I know a RIM employee that's been walking around with a Q5 as his personal phone for months. I don't know why they dropped the 'Bold' and "Curve' branding, but it seems like a pretty decent phone.
I suspect because, 'old OS is old', and that is attached to the names of those phones. Despite that, a lot of people are still buying those phones.
-As was said, the Q5 is looming, the Z & Q 10 are out, and there are more products in the pipe. They also took the time to get the hardware right.
-Previously they had some good, secure, and well integrated software but their broader software stack was pretty shit. They 'Playbook' was a OS preview, and they took the time to get the whole software stack right before the new pones hit. No 'Storm' fiasco (minus the 'now playing' bug). Their current stack is a QNX realtime microkernel, with a POSIX compatible userland that uses Qt for the interface. That gives them a tremendous amount of Android / General Linux and BSD baked right in, preventing a lot of porting and API nightmares for developers.
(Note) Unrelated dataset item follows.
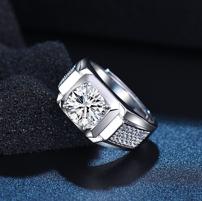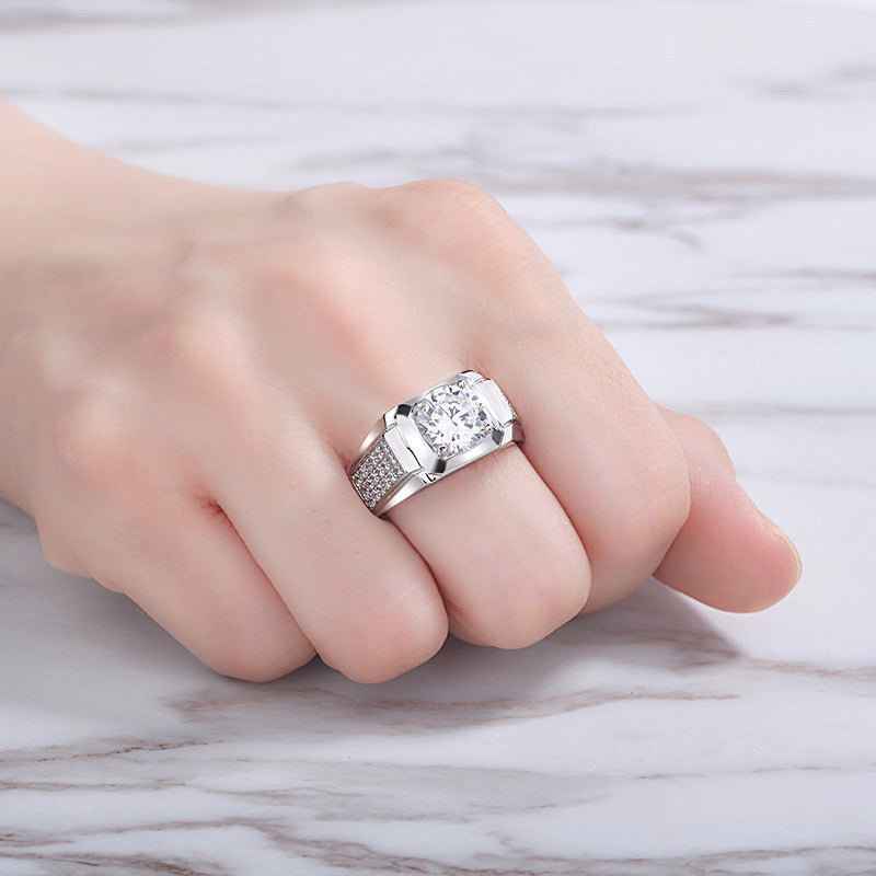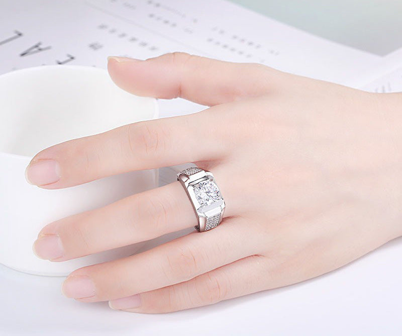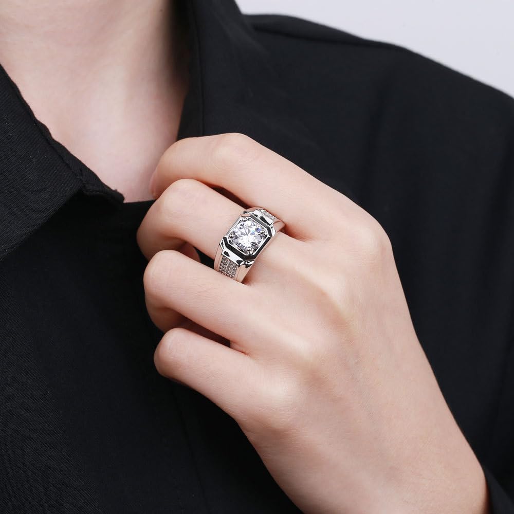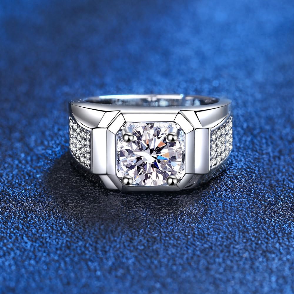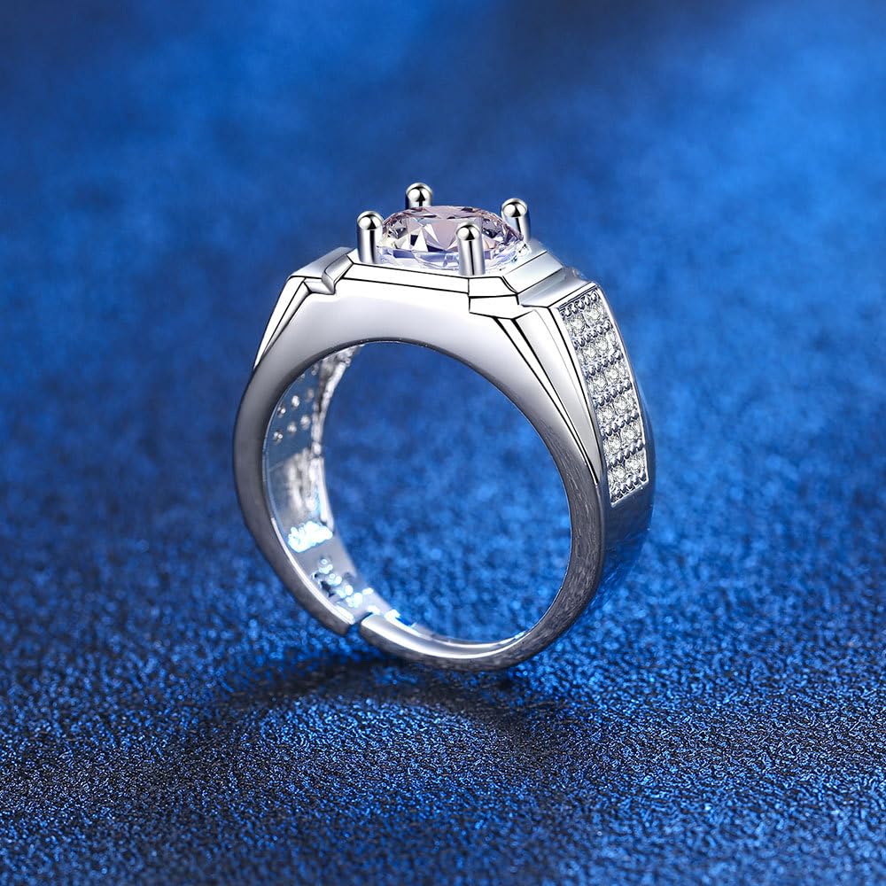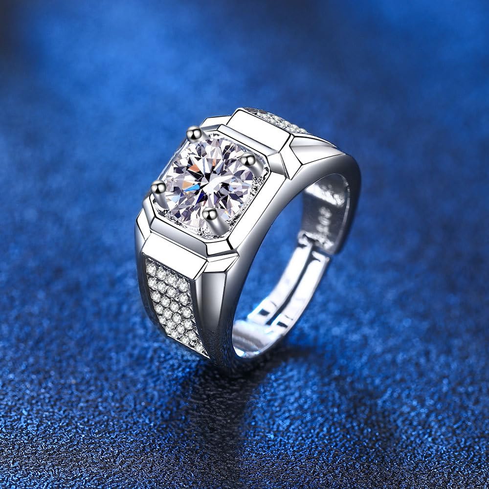 Rockyu メンズリング 大粒ジルコニア シルバー調 フリーサイズ 光沢仕上げ

-Beyond the value of their hardware and the BB10 OS there is the value of the QNX OS itself. Of the companies that RIM (now BlackBerry) bought, this was the real gem. Most of their other acquisitions were about rounding out their consumer software stack, this is and was a highly successful embedded OS. (For when it's really gotta fucking work-- like your brakes or an MRI machine.)
-There's also the potential of broadening their software to other platforms.
-While I'm no fan of patent trolls, their intellectual property, and QNX's, has real value.
-They're sitting on something like 3 Billion dollars. Money that critics said they'd have to burn through to launch their new phones / OS. They haven't.
-Their new products were generally well received, and are selling reasonably well despite not burning though that aforementioned pile of cash.
-That 'haemorrhaging install base' is actually more of a very slow trickle, and they actually have reasonable prospects of new users in the developing world, and winning some market share back in the developed world.
While I'm not predicting them to rise to Apple-like heights, they're also nowhere as near to the grave as Apple was. Oh, I don't own a BlackBerry, or directly own any of their stock.
'Internet conventional wisdom', especially when there's fanbois involved, it like trying to turn a cruise ship with an outboard motor... It takes a while, regardless of what facts are in plain sight.